MATERIALS PROVIDED
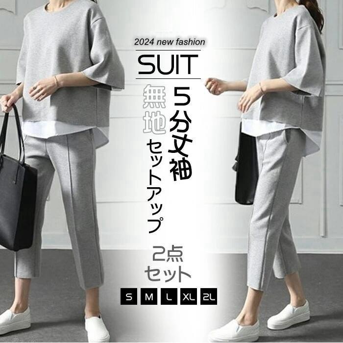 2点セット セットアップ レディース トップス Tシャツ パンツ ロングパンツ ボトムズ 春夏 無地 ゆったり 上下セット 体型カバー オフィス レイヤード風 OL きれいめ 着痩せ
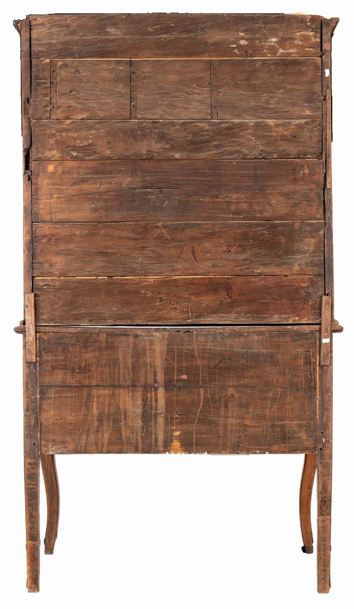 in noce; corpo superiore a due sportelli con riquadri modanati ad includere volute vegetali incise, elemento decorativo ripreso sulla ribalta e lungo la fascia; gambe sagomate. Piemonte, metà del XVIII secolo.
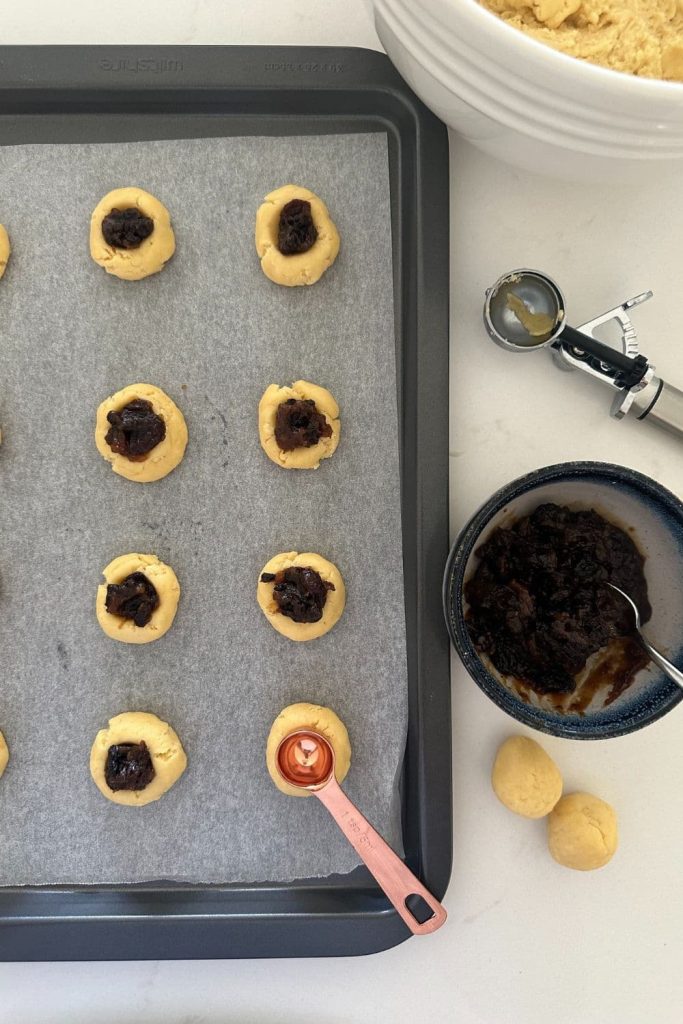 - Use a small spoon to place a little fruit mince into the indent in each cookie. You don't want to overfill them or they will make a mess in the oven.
--
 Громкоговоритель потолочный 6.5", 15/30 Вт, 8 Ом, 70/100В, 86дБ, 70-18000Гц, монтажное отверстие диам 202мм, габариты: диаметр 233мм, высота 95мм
...
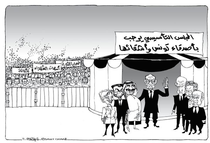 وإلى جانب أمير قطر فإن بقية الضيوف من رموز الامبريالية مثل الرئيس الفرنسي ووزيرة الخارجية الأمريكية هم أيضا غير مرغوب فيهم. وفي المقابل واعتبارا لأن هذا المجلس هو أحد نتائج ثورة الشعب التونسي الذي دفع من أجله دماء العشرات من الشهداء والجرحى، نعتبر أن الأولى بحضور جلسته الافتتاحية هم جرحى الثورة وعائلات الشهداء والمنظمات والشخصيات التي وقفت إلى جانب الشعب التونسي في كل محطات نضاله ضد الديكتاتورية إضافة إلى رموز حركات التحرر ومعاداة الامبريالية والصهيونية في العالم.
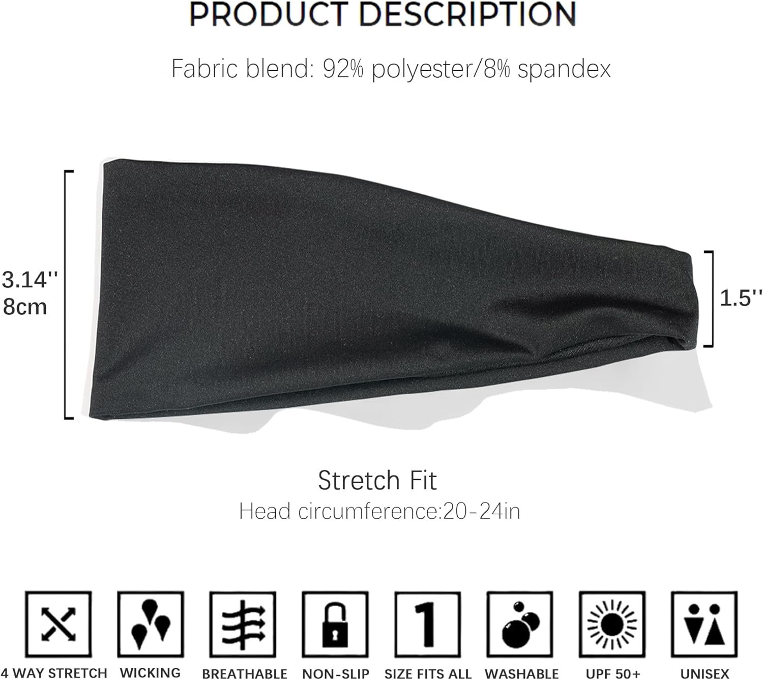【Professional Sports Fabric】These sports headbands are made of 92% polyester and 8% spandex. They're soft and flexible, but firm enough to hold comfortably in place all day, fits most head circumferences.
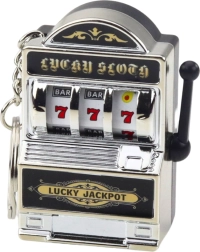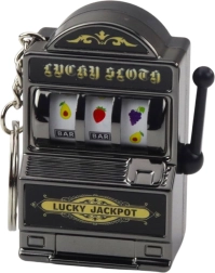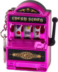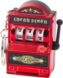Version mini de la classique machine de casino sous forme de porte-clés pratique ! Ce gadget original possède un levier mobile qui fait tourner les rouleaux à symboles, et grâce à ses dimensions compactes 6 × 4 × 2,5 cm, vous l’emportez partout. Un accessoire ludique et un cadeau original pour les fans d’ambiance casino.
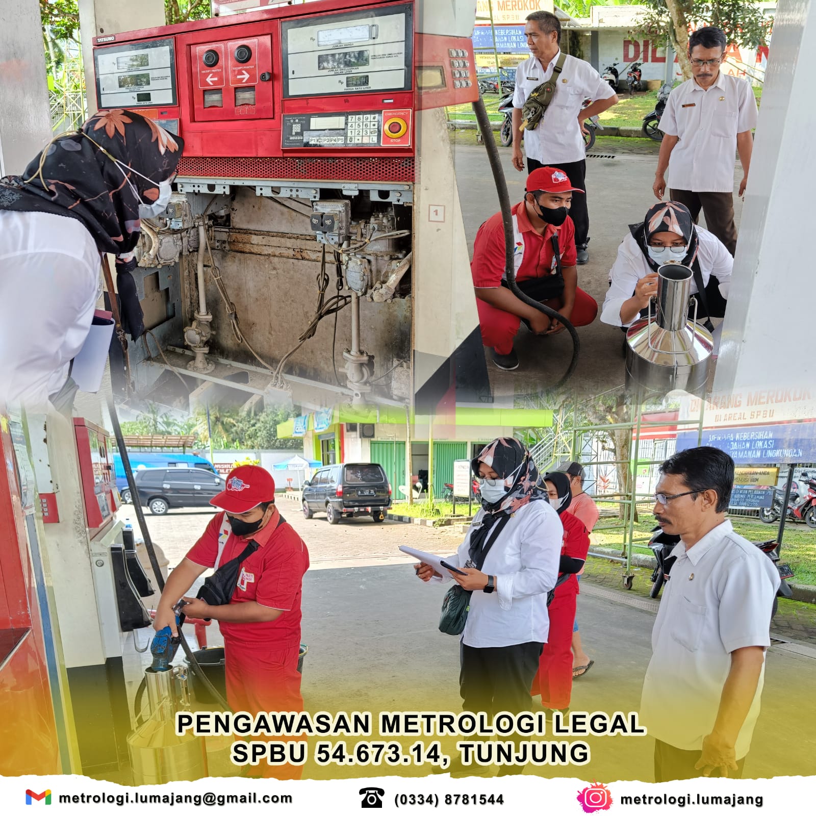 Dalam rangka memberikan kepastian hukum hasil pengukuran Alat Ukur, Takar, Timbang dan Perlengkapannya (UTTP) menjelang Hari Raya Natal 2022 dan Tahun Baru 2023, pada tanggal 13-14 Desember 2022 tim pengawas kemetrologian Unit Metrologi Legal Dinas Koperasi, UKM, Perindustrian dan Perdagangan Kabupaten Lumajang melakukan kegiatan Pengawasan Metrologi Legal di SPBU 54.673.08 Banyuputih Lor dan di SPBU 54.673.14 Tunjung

TASK TO CARRY OUT
Above are the records; return the lines in them from the one with "most head circumferences." to the one with "Version mini de", inclusive, exactly and without images.

RESULT FOR THIS TASK
【Professional Sports Fabric】These sports headbands are made of 92% polyester and 8% spandex. They're soft and flexible, but firm enough to hold comfortably in place all day, fits most head circumferences.
Version mini de la classique machine de casino sous forme de porte-clés pratique ! Ce gadget original possède un levier mobile qui fait tourner les rouleaux à symboles, et grâce à ses dimensions compactes 6 × 4 × 2,5 cm, vous l’emportez partout. Un accessoire ludique et un cadeau original pour les fans d’ambiance casino.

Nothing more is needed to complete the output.